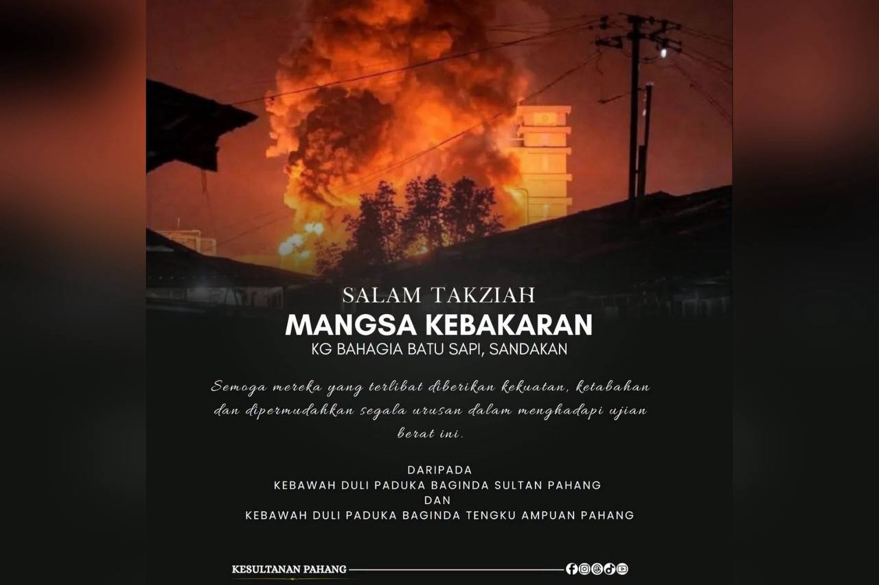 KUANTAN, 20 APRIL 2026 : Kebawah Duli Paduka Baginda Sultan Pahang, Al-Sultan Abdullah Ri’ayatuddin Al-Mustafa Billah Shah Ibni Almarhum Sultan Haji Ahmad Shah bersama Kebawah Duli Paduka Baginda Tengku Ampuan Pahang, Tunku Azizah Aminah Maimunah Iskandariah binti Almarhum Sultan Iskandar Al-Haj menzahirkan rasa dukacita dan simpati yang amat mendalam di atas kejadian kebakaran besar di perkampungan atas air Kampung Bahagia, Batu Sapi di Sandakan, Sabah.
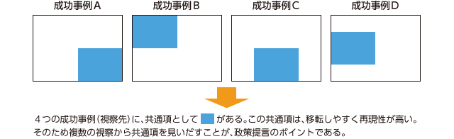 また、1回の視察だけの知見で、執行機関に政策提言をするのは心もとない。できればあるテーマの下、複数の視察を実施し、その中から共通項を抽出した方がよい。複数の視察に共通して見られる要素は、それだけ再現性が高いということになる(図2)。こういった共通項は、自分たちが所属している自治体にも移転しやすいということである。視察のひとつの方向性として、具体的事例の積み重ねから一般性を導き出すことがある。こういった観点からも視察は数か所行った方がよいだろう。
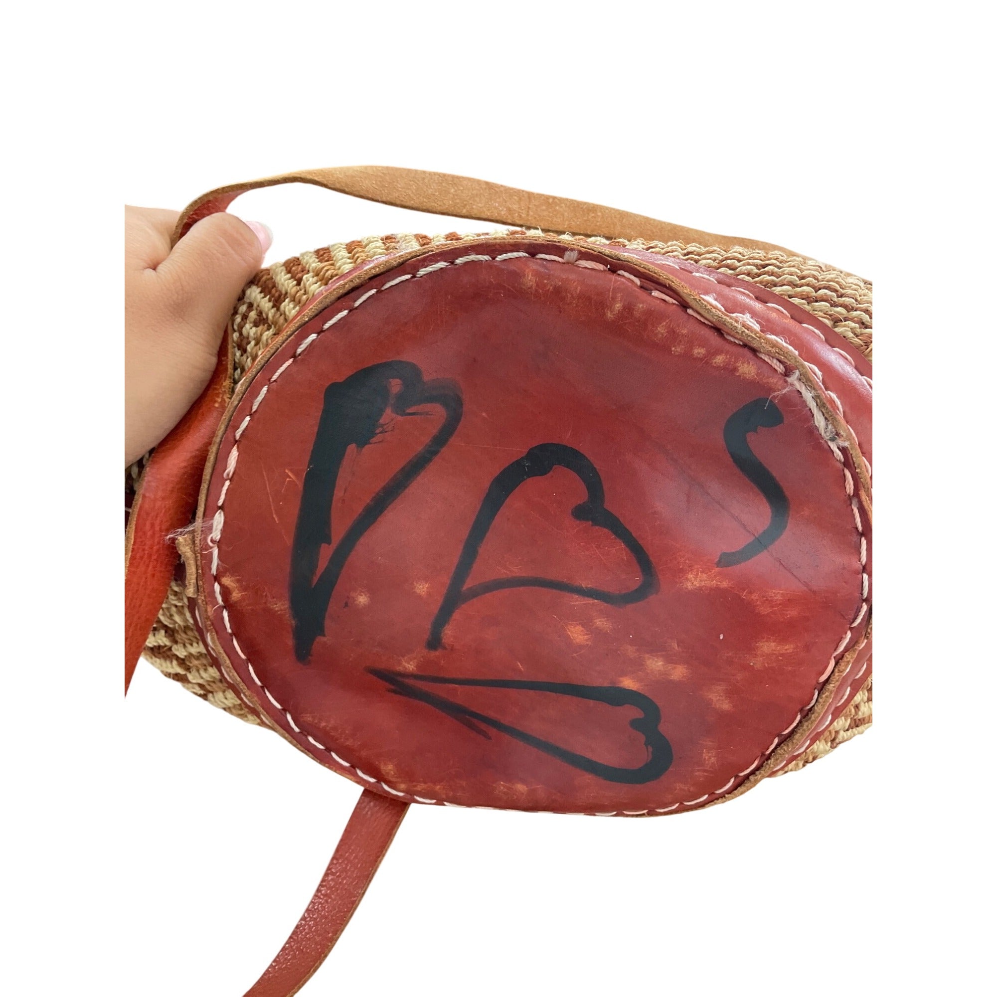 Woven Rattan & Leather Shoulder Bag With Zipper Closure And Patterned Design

■ ABOUT THIS TASK ■
Could you set down the data exactly as given, minus its pictures?

■ EXERCISE RESULT ■
 KUANTAN, 20 APRIL 2026 : Kebawah Duli Paduka Baginda Sultan Pahang, Al-Sultan Abdullah Ri’ayatuddin Al-Mustafa Billah Shah Ibni Almarhum Sultan Haji Ahmad Shah bersama Kebawah Duli Paduka Baginda Tengku Ampuan Pahang, Tunku Azizah Aminah Maimunah Iskandariah binti Almarhum Sultan Iskandar Al-Haj menzahirkan rasa dukacita dan simpati yang amat mendalam di atas kejadian kebakaran besar di perkampungan atas air Kampung Bahagia, Batu Sapi di Sandakan, Sabah.
 また、1回の視察だけの知見で、執行機関に政策提言をするのは心もとない。できればあるテーマの下、複数の視察を実施し、その中から共通項を抽出した方がよい。複数の視察に共通して見られる要素は、それだけ再現性が高いということになる(図2)。こういった共通項は、自分たちが所属している自治体にも移転しやすいということである。視察のひとつの方向性として、具体的事例の積み重ねから一般性を導き出すことがある。こういった観点からも視察は数か所行った方がよいだろう。
 Woven Rattan & Leather Shoulder Bag With Zipper Closure And Patterned Design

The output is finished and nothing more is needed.